» Work required
Beneath this line are entries. Copy the range from the line with "Various: France: Pays" to the line with "La Pastorale Giovanile", ends included, exactly; leave pictures out.

*** Opening of Given information ***

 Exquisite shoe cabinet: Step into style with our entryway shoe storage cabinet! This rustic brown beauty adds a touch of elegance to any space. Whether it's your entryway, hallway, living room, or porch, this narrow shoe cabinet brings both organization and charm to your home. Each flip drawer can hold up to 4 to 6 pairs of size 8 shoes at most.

*** Close of Given information ***
*** Opening of Given information ***

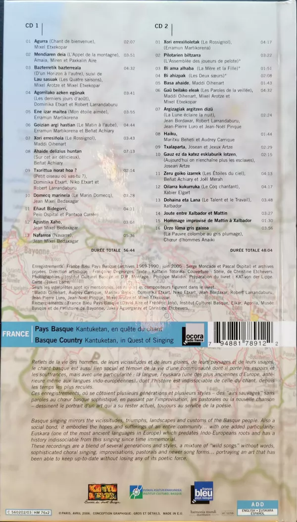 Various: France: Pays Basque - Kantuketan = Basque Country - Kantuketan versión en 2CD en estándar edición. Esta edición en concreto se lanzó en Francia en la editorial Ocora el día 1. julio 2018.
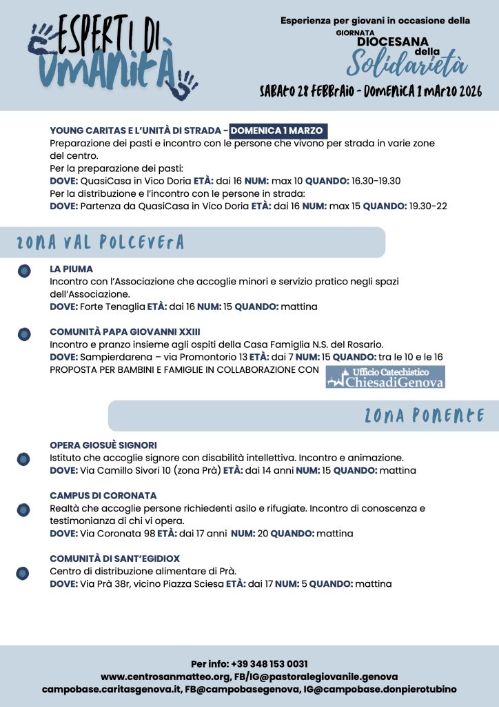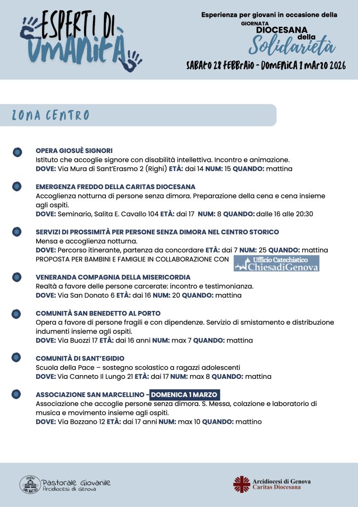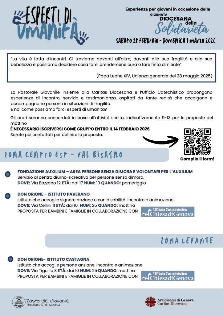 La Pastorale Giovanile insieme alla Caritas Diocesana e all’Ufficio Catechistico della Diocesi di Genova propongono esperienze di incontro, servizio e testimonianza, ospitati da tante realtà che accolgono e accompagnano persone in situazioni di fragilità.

*** Close of Given information ***

» Your solution
 Various: France: Pays Basque - Kantuketan = Basque Country - Kantuketan versión en 2CD en estándar edición. Esta edición en concreto se lanzó en Francia en la editorial Ocora el día 1. julio 2018.
 La Pastorale Giovanile insieme alla Caritas Diocesana e all’Ufficio Catechistico della Diocesi di Genova propongono esperienze di incontro, servizio e testimonianza, ospitati da tante realtà che accolgono e accompagnano persone in situazioni di fragilità.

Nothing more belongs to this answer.